Retail deals with debt (11/15/17)

About retail (from nakedcapitalism.com):

Retail: “Retailers are increasingly charging ‘personalized’ or ‘dynamic’ prices based on your online footprint. They manipulate prices, trying to charge you the max they think you’re willing to pay. You could be sitting right next to someone, looking at the same online product, and be charged more just because of a website you visited” [DuckDuckGo]. “You’re probably familiar with how common this practice is in the airline industry. That’s all thanks to Google’s ITA QPX Software, which provides solutions to airlines to price ‘by market segment, point-of-sale, channel and even user.'”

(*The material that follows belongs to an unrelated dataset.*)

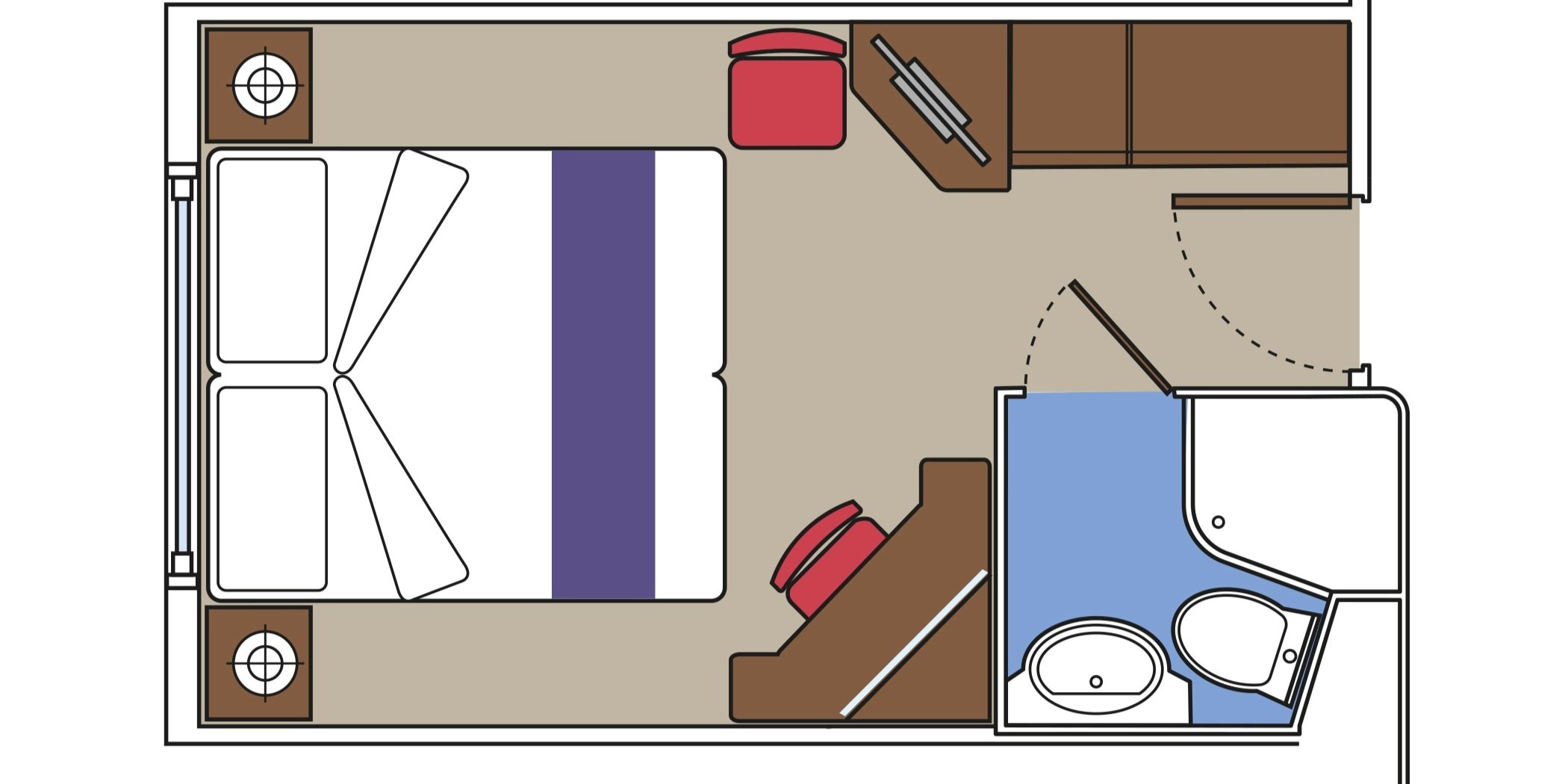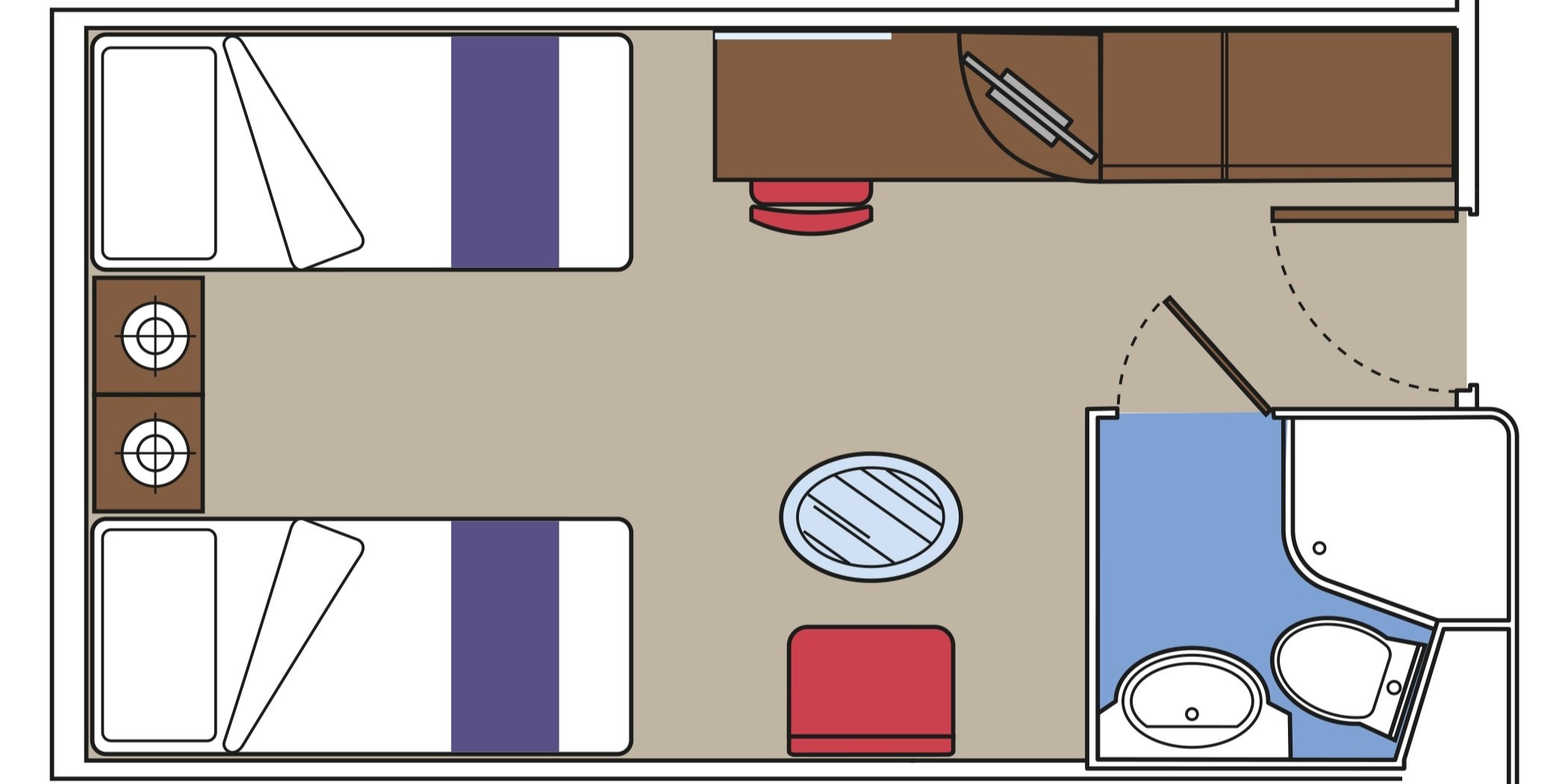 MSC抒情號(MSC LIRICA)內艙房以高 CP 值著稱,是想專注享受郵輪設施與行程旅客的理想選擇。房內設計簡約現代,空間規劃完善,配備舒適雙人床、獨立衛浴、電視、保險箱與充足收納空間,提供安靜放鬆的休息環境。白天可盡情體驗多元餐飲、劇院表演與娛樂設施,夜晚回到內艙享受穩定寧靜的睡眠,是精打細算又不減品質的郵輪住宿首選。

Retail: “In the U.S., retailers announced more than 3,000 store openings in the first three quarters of this year” [Bloomberg]. “But chains also said 6,800 would close. And this comes when there’s sky-high consumer confidence, unemployment is historically low and the U.S. economy keeps growing. Those are normally all ingredients for a retail boom, yet more chains are filing for bankruptcy and rated distressed than during the financial crisis. That’s caused an increase in the number of delinquent loan payments by malls and shopping centers…. The reason isn’t as simple as Amazon.com Inc. taking market share or twenty-somethings spending more on experiences than things. The root cause is that many of these long-standing chains are overloaded with debt—often from leveraged buyouts led by private equity firms. There are billions in borrowings on the balance sheets of troubled retailers, and sustaining that load is only going to become harder—even for healthy chains.”
...hmmm, so maybe not the internet vs. bricks-and-mortar!